Inhibition of miR-153 reduces apoptosis of cardiomyocytes. (A) Relative expression of miR-153 following anti-miR-153 transfection. (B) Expression levels of cleaved-caspase-3 and cleaved-caspase-9 in cardiomyocytes subjected to different treatments. Statistical analyses of the band densities of (C) cleaved capsase-3 and (D) cleaved caspase-9. Cardiomyocytes were transfected with anti-miR-153 or anti-miR-NC for 48 h, and were then incubated with H2O2 for 24 h. (E) Cell viability of the transfected cardiomyocytes. Data are presented as the mean ± standard error of the mean. *P<0.05, vs. anti-miR-NC (n=5). miR, microRNA; anti-miR-53, miR-153 antisense inhibitor; NC, negative control; O.D., optical density.
Mcl-1 is a target of miR-153. (A) Predicted binding sites of rno- miR-153 and rat Mcl-1 3′UTR. (B) Enforced expression of miR-153 inhibited the expression of Mcl-1. (C) Statistical analysis of the band densities of Mcl-1. (D) miR-153 inhibited luciferase activity, whereas anti-miR-153 partially reversed this inhibition. Data are presented as the mean ± standard error of the mean. *P<0.05, vs. miR-NC; #P<0.05, vs. miR-153 (n=5). miR, microRNA; 3′UTR, 3′ untranslated region; Mcl-1, myeloid cell leukemia-1; NC, negative control.

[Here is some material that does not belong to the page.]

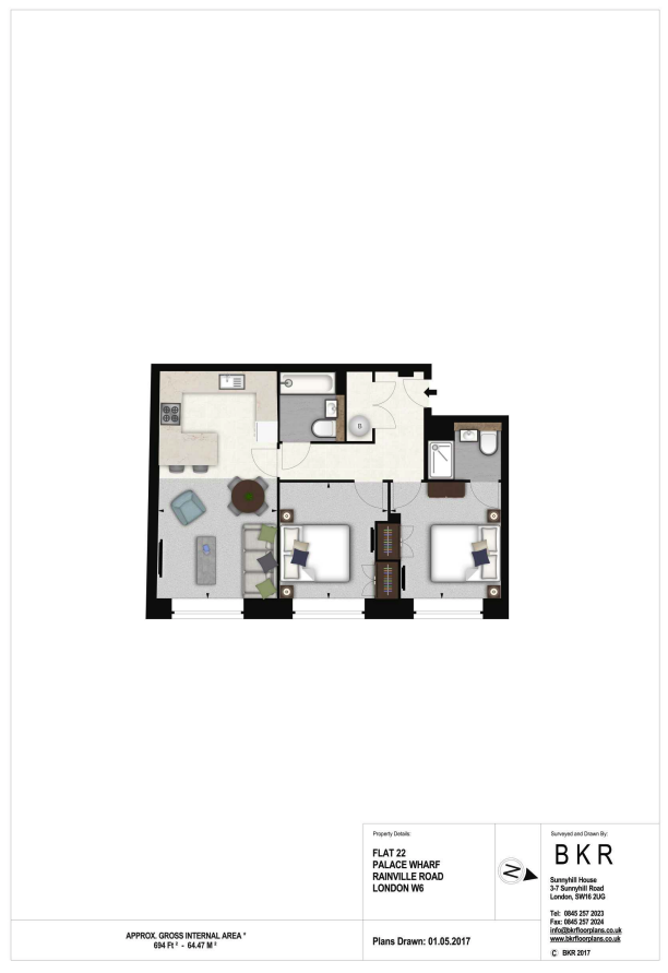 64 m²2 chambresCharges forfaitaires: 0 £plan

miR-153 inhibits Mcl-1-dependent autophagy. (A) Expression levels of LC3 and Mcl-1 following transfection with anti-miR-153 or si-Mcl-1. Statistical analyses of band densities of (B) LC3-II and (C) Mcl-1. The cardiomyocytes were co-trasnfected with anti-miR-153 and si-Mcl-1 or their negative control strands for 48 h, as indicated, and were then incubated with H2O2 for 24 h. (D) Cell viability of the transfected cardiomyocytes. Data are presented as the mean ± standard error of the mean. *P<0.05, vs. anti-miR-NC+si-NC; #P<0.05, vs. anti-miR-153+si-NC (n=5). miR, microRNA; Mcl-1, myeloid cell leukemia-1; si, small interfering; NC, negative control; O.D., optical density.